In the listing below, the lines starting at the line with "A useful set" and ending at the line with "Description:I met the" are to be output verbatim. Images stay out of the copy.

■ Exercise input ■
◇ ◇ ◇ ◇
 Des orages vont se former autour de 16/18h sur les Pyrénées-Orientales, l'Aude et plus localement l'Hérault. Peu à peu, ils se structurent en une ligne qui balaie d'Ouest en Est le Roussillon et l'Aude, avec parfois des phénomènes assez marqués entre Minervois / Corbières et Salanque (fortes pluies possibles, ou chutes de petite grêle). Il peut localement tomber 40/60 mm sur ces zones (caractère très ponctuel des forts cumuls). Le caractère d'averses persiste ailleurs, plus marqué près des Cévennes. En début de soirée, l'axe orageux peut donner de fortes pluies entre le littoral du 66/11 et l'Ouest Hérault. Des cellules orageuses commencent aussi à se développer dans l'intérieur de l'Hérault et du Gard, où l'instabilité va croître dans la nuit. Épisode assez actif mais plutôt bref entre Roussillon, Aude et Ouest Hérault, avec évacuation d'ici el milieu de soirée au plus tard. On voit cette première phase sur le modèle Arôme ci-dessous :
◇ ◇ ◇ ◇
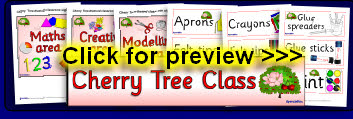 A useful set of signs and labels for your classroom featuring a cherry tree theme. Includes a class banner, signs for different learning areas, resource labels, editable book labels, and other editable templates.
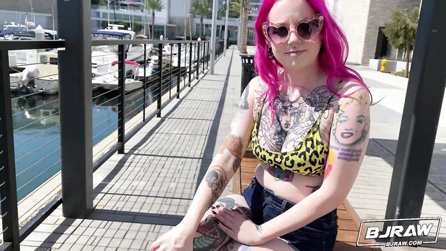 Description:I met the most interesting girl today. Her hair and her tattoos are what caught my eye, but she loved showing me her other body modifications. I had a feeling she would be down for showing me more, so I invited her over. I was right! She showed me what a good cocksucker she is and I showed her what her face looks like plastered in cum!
◇ ◇ ◇ ◇
■ Answer section ■
 A useful set of signs and labels for your classroom featuring a cherry tree theme. Includes a class banner, signs for different learning areas, resource labels, editable book labels, and other editable templates.
 Description:I met the most interesting girl today. Her hair and her tattoos are what caught my eye, but she loved showing me her other body modifications. I had a feeling she would be down for showing me more, so I invited her over. I was right! She showed me what a good cocksucker she is and I showed her what her face looks like plastered in cum!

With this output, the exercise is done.